Do Banks Have the Right Tools to Manage Risk Today?

In my last post I discussed the tug of war over bonuses and the ways in which banks are attempting to reward risk in a responsible and sustainable way. I questioned whether bankers and the regulators had all the tools they needed to measure risk and so today I want to look more closely at innovations which are enabling bankers to measure risk more accurately than ever before.

Risks and rewards are two sides of the same coin. Businesses need to take calculated risks to deliver the next wave of innovations and hence capture the corresponding rewards.

The banking industry today faces the dilemma of managing risks across geographies, across product lines and across organizational boundaries.  Banks have invested in a plethora of tools and analytical applications to measure risk and have a single view of the truth.

The Right Tools for Managing Risk

In the United States, a proposal published on Jan 17th, 2012  by the Federal Deposit Insurance Corporation (FDIC), would require the 23 FDIC-regulated banks that meet the asset threshold of over USD 10 billion in assets to conduct their own tests based on three economic scenarios developed by the agency, using data as of September 30th of any year.

The proposal implements a requirement of the Dodd-Frank financial overhaul passed in 2010. In addition, the largest financial firms, those with more than $50 billion in assets, are subject to an additional level of stress-testing by the Federal Reserve.

The pressure continues to build on banks to be able to respond to a wave of regulations being implemented to reduce risk taking across the banking system. In response, banks have continue to evolve their risk management practices to lower risk and better respond to the needs of their regulators. With ever growing volumes of data across business units covering a vast range of products and services, banking executives are at times challenged by the tools available to them to respond to the new demands in a timely and effective manner.

SAP over the past year has delivered innovations in memory computing to deliver real time analytics and applications that has secured the attention and sometimes grudging admiration from technologists working at major banks and insurers worldwide. SAP HANA enables organizations to analyze business operations based on large volume and variety of detailed data in real-time, without any delays. Deutsche Bank has run a prototype with an early version of the in-memory technology.
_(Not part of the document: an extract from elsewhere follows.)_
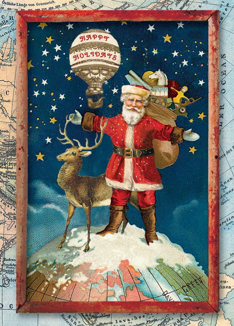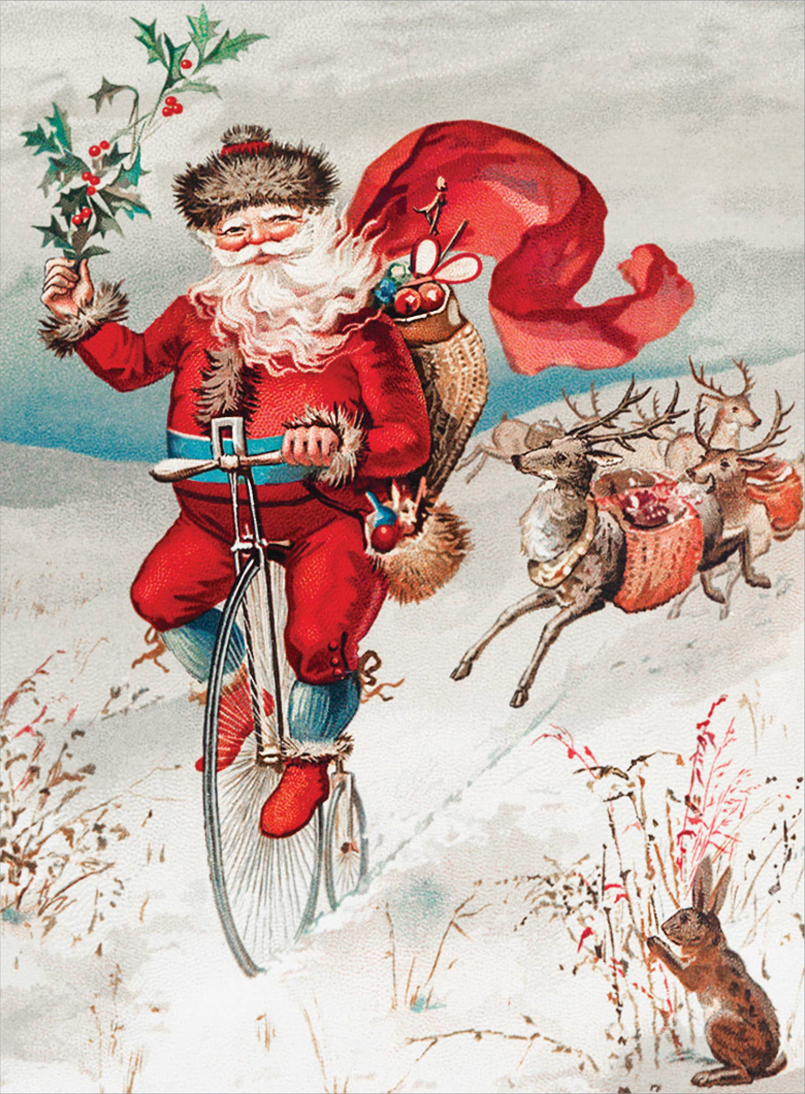 Santa Claus on a Penny Farthing, early 1900s Christmas Card

“In particular,” Hermann-Josef Lamberti, Group COO and head of group technology and operations, Deutsche Bank said, “we were able to speed up the data-analysis process to detect cross-selling opportunities in our customer database from previously 45 minutes to 5 seconds. In-memory is a powerful new dimension of applied compute power.”  In North America, one of the largest commercial banks, recently invested in a prototype with SAP HANA to deliver shorter response time by factor of hundreds when compiling dashboards of key performance indicators for the office of the CFO.

The Way Forward

At a recent SAP World Tour Financial Services conference in New York City, I had the opportunity to speak to an industry analyst from a leading US analyst firm. He recounted an anecdote from his days as a banker several years ago that stuck with me. The CEO of the bank was probing the risk reports. He was questioning if the risk was adequately captured in the bank risk models in light of the newly introduced lending products that were being rolled out through branches nationwide.

The CEO felt that the adjustment in capital reserves did not reflect the recently acquired risk from the lending products. The probing by the CEO had started with his executive administrator telling the CEO that “something did not smell right”! Continued probing by the CEO revealed that the existing models had not been appropriately revised to reflect the added risk from the newly introduced lending products.

In today’s markets, it is especially relevant to ask such “probing” questions and play out “what-if” scenarios when measuring and monitoring risks. SAP has delivered compelling in-memory computing innovations with SAP HANA that bankers can benefit from tremendously as they build the roadmap to a more sustainable future in order to best meet the needs of their customers, employees, shareholders and regulators.